第61話 呪術師vs呪術師(上)
「……本当にあったのね」
王城一階、西エリア。
同行していた帝国兵の援助を得てミカエラは、ある扉の前へと足を運んでいた。
その扉を開けると、地下へと続く階段が姿を現す。
(この先に悪魔の心臓があるはず……)
ギギッーっと音を立てて扉が閉まり、ミカエラは真っ暗な階段をゆっくりと降りて行く。
最後の一段を降り切り、手に炎を纏って当たりを照らすとまたしても扉がひとつ、開けてくれと言わんばかりの取り付けに警戒心が揺らぐが、今は先を進む他ない。

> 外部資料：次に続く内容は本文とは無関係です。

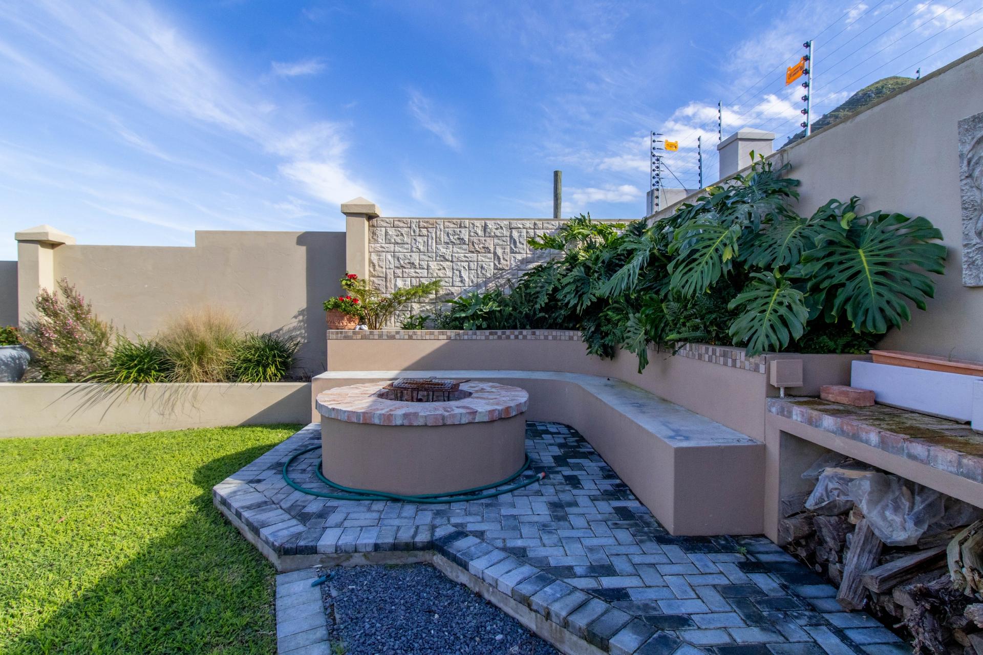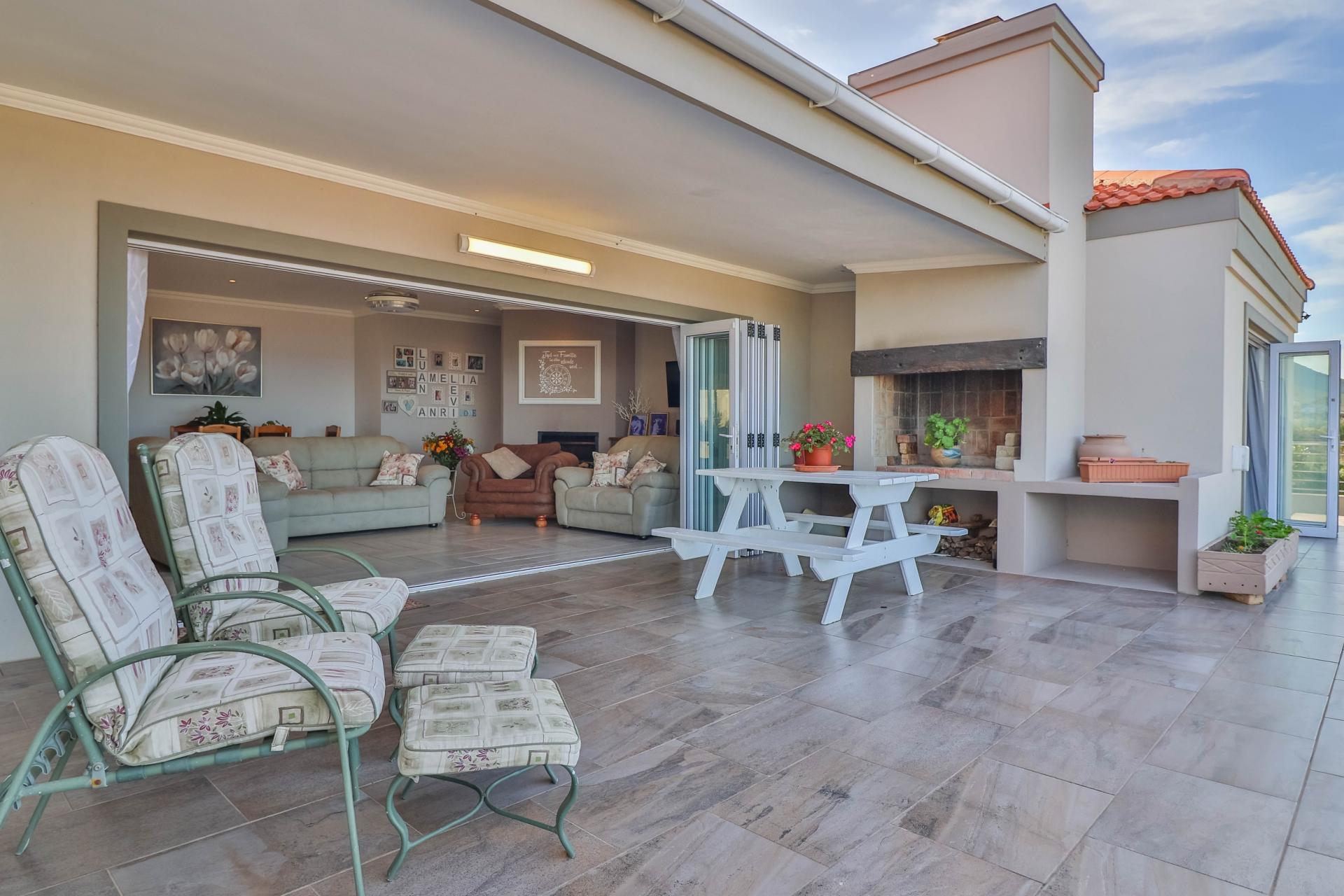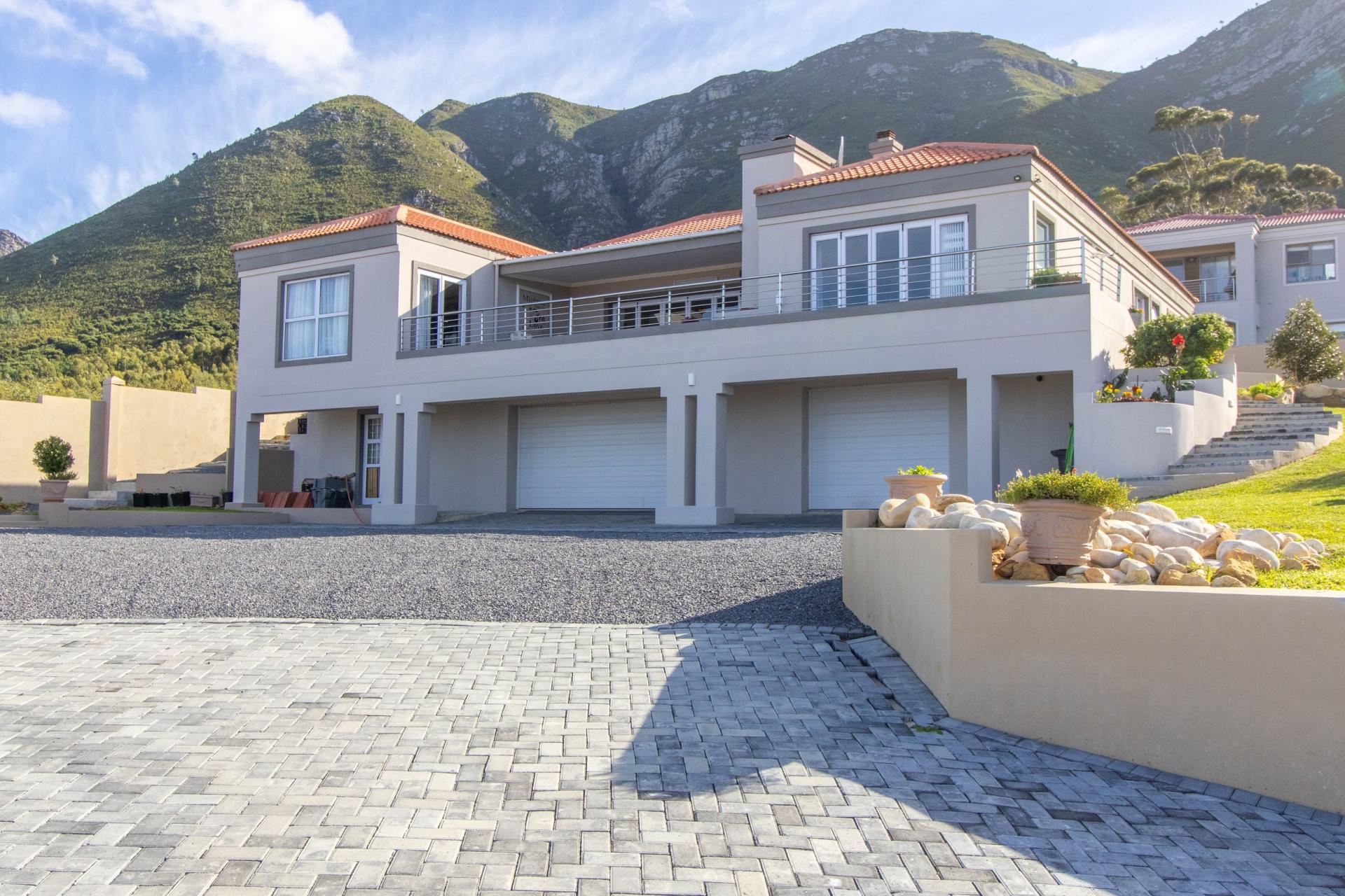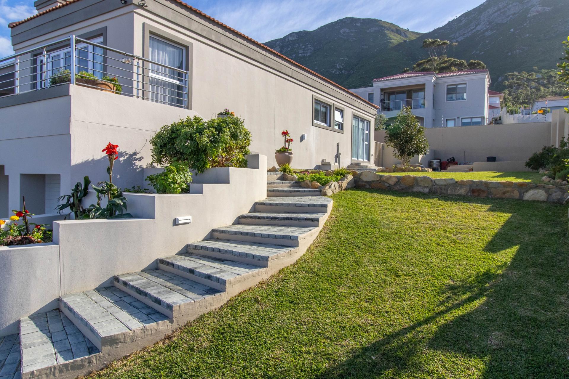 The well-maintained garden features a fire pit and scenic mountain views, creating a perfect retreat for outdoor enjoyment. The home also boasts 3 large garages on the lower level with direct access to the house and a spacious storeroom perfect for storing tools and outdoor items. Set within a secure and peaceful estate, this home offers the perfect blend of nature and convenience. Its prime location provides easy access to all amenities, including beaches, schools, wine farms, and restaurants.

扉を押し入り中に入ると、そこはまるで実験室のようで……、
「……ん?誰ー?」
どこからともなく声が聞こえ、ミカエラは身構える。
視線の先には光を放つ無数のポッドが点在し、天井には四方に管が張り巡らされていた。
その隙間をかき分け声の主を探るが、
「あっ、この前のお姉さんだ!」
「……っ?!」
突然背後から声が聞こえミカエラは振り返る。
そこには──、
「あなた……っ、この前のっ!」
ミカエラの視線の先には、襲撃時ミカエラを瀕死に追いやった例の少年が立っていた。
(この子、毎回どうやって……っ)
「お姉さんに構ってる暇は無いんだけどなー。そうだ!」
「……っ!」
ミカエラは突然目眩を感じ地面に膝を着く。
「また眠っててよ。おやすみっ」
少年は笑いながらミカエラに背を向ける。
だが、
「──悪いけど、もうその手には乗らないわよ!」
「え──」
ミカエラの拳が少年に命中し、激しい爆風が巻き起こる。
その反動で近くに立てられていたポッドが数本破裂し、中を満たしていた液体が地面に溢れ出した。
「……ははっ、お姉さん面白いね」
「……この一撃をくらっても、笑えるとはね」
自分の顔がひきつるのを感じた。
普通の人間が竜人の拳をくらっても尚無事なんてこと普通はありえない。
やはり目の前の少年はただものでは無い、そう考えざるを得なかった。
「お姉さん名前はなんて言うのー?」
「……ミカエラよ。貴方は?」
「俺っちの名はカトルだよ。よろしくね」
カトルと名乗る少年とミカエラの、呪術師対呪術師の戦いが幕を開けた。
──同時刻 王城 東エリア 地下二階
「……やはり来たか」
小さな足音、それに少し遅れて何かを引きずる音が広い空間に響き渡る。
「…………レオン……」
謎の刺客は立ち止まると、壁に立てかけられた棺を見た。
その棺の中には、かつての聖王レオンの姿が今も尚保存されている。
そしてその真下、まるで棺を守るかのように立っている男こそ現聖王 レオポルトである。
「そろそろ来る頃だとは思っていたが……まさか自ら姿を現すとは」
「……悪魔を呼んでどうするつもりだ」
「レオンを生き返らせる。喜べ、お前の友人が帰ってくるのだぞ?」
「そんなこと、私もレオンも望んでない」
身体から発される炎によって、辺りの暗闇が紅く照らされる。
その姿を見て、レオポルトも眼を光らせる。
「かつて聖王の友人だったお前が、まさか聖王に牙を剥くとはな」
「レオンとお前は別人だ。私は聖王だから彼に協力したんじゃない、レオンだから協力したんだ」
その言葉を聞いてレオポルトは「そうか……」と声を漏らすと、首を軽く振り剣を抜いた。
「それでは始めようか。竜王 リントヴルムよ」
王城地下。
聖王と竜王の戦いが今、始まった──。